* Task directions
Output the data below only from the line containing "全自動成型機包括去漆、校直、" up to and including the line containing "在周三的交易中,欧元/英镑延续了其上涨势头,攀升至 0.8600 区域,日内上涨", exact and with the pictures left out.

* Given records
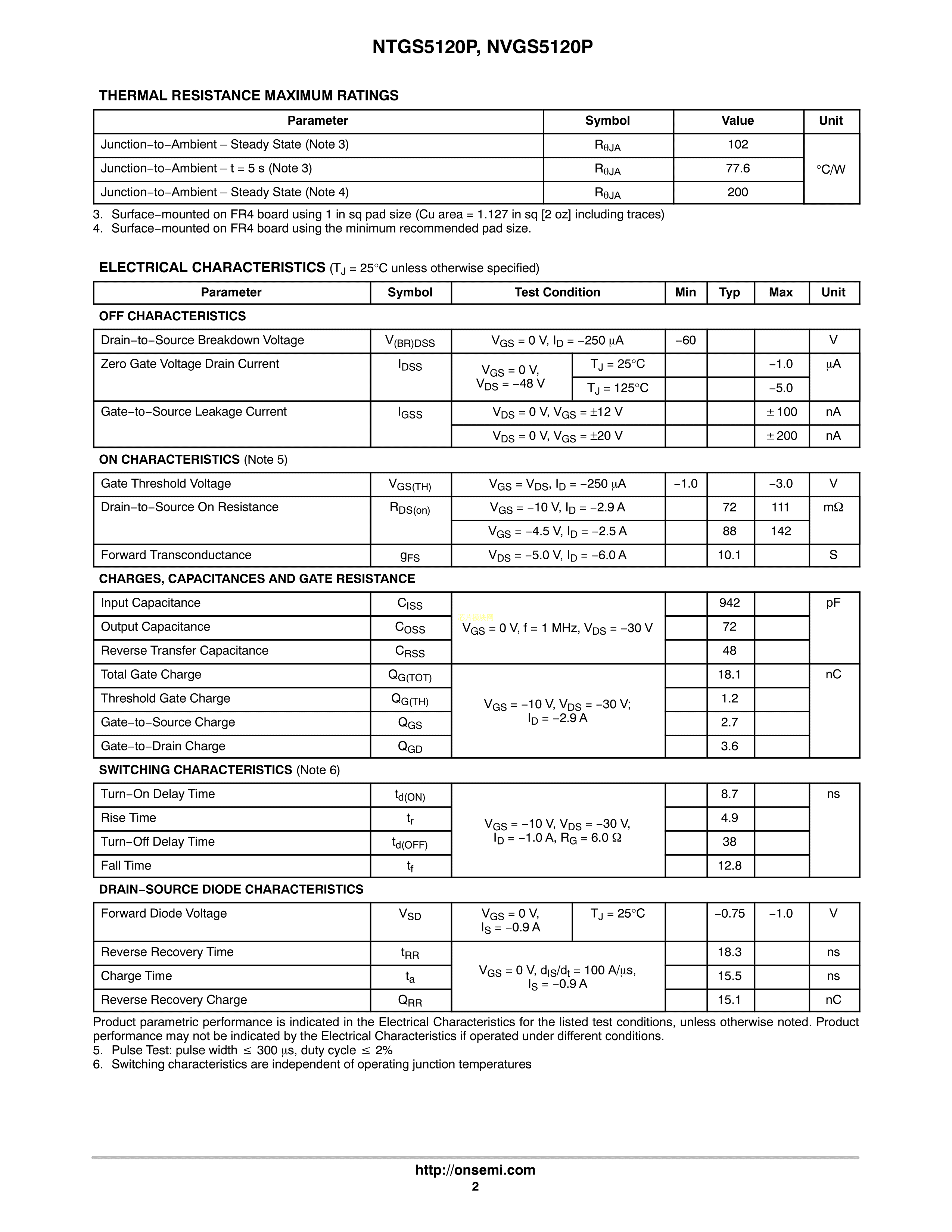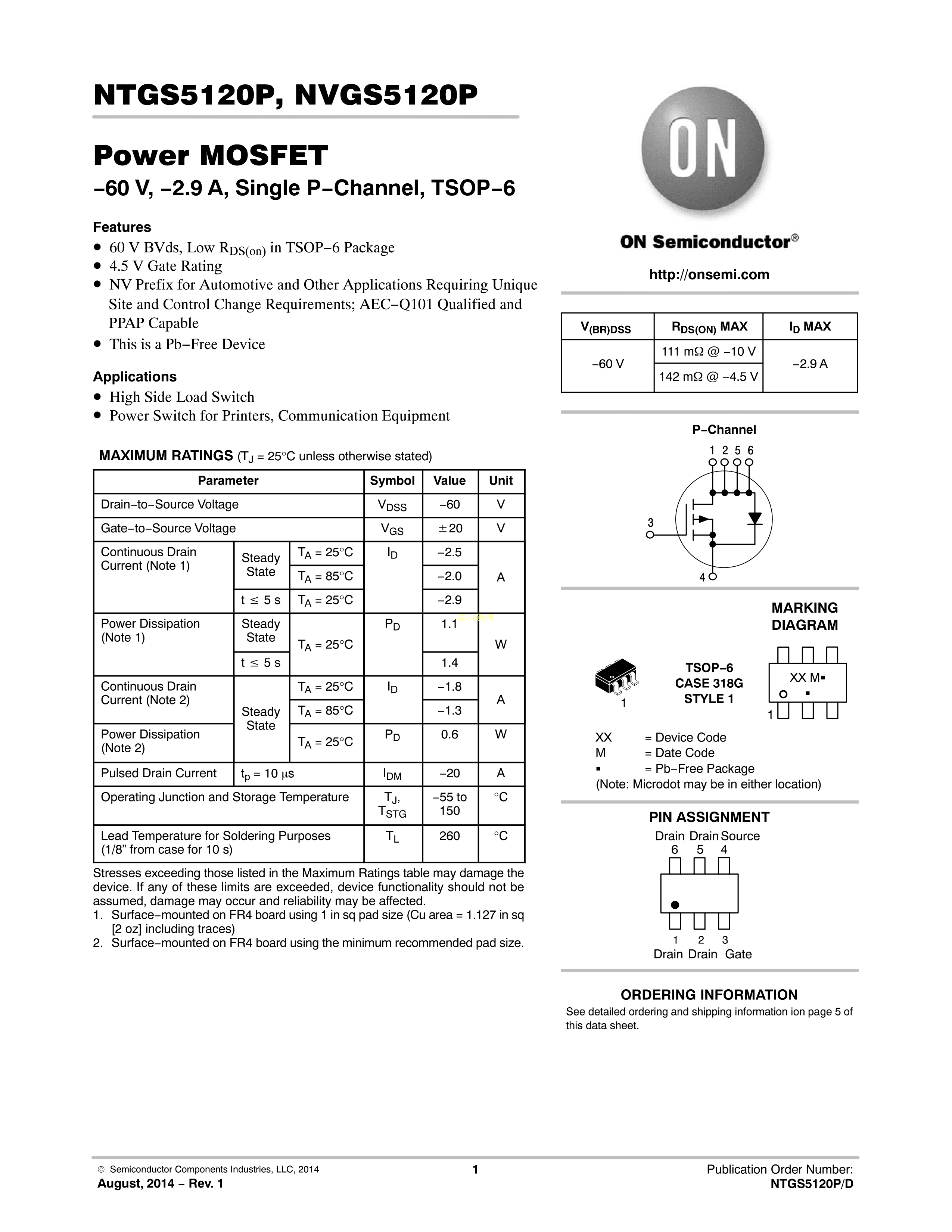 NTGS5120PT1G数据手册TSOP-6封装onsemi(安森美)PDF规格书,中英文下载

==

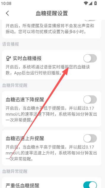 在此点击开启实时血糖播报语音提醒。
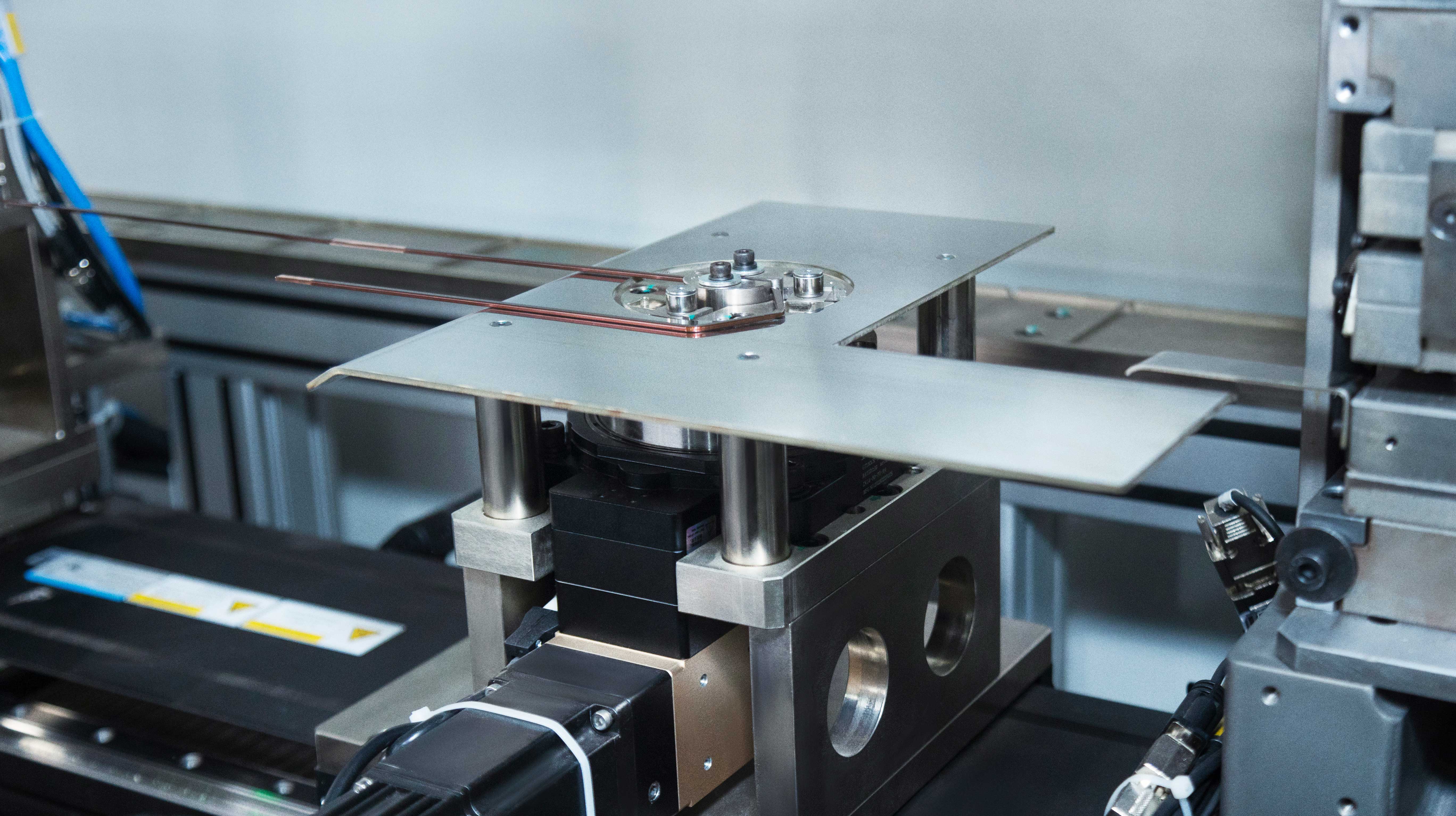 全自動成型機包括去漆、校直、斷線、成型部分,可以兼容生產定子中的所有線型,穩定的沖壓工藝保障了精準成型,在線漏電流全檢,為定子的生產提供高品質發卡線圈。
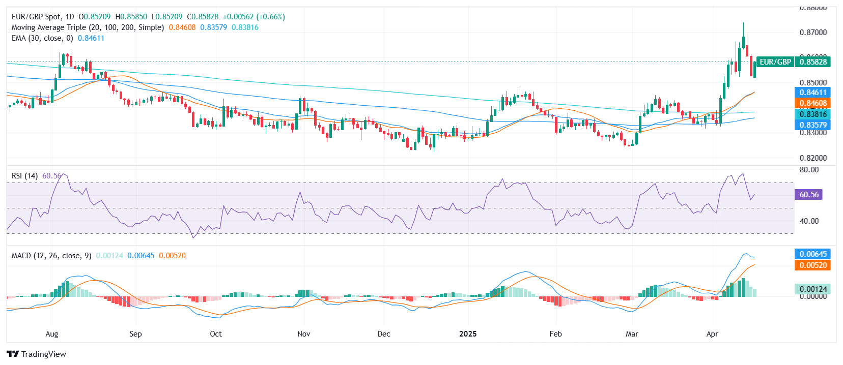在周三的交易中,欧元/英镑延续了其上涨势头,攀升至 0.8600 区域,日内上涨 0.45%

* Answer
 全自動成型機包括去漆、校直、斷線、成型部分,可以兼容生產定子中的所有線型,穩定的沖壓工藝保障了精準成型,在線漏電流全檢,為定子的生產提供高品質發卡線圈。
在周三的交易中,欧元/英镑延续了其上涨势头,攀升至 0.8600 区域,日内上涨 0.45%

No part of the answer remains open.